Suppose a child plays with a die and the mean obtained after $25$ rolls is equal to $4.5$. Perform a statistical test to check if the die is fair at significance level $\alpha=0.05$.
Suppose we perform hypothesis testing with null hypothesis $\mu_0 = 4.5$. If we have a fair die the average number of points after throwing it $25$ times is just the same as after throwing it once so $E(\bar{X})=\frac{1+2+3+4+5+6}{6}=3.5$. The alternative I guess is that $\mu_1=3.5$ and we want to show that the die is unfair. I am not sure if I am on the right track though? Or do we just convert this to probabilities, and say that under the null $p=\frac{1}{6}$. Thanks for any help.
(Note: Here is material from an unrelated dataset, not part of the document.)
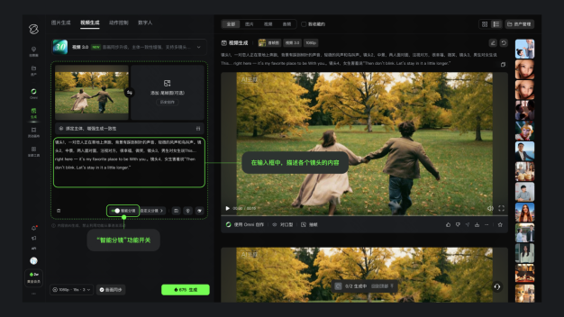 在敘事層面,模型支持最長15秒的連續生成,并引入智能分鏡與自定義鏡頭控制,讓創作者能夠直接組織鏡頭節奏與敘事結構,不再依賴碎片化拼接,從而讓鏡頭具備情緒遞進與畫面張力。

I managed to solve the exercise myself after the suggestion in the comments. We suppose that $\mu_0=3.5$. Then we use the $z$-score: $$\frac{\bar{X}-\mu_0}{\sigma / \sqrt{n}}.$$
In this case $\bar{X}=4.5$, $\mu_0=3.5$ and the standard deviation can be calculated as the square root of the variance divided by the number of rolls $\sigma / \sqrt{n}=\sqrt{0.1166}=0.34$
So $$\frac{\bar{X}-\mu_0}{\sigma / \sqrt{n}}=\frac{1}{0.34}=2.94.$$ Then $p=P(Z\geq 2.94)=0.0033$ so we reject the null hypothesis.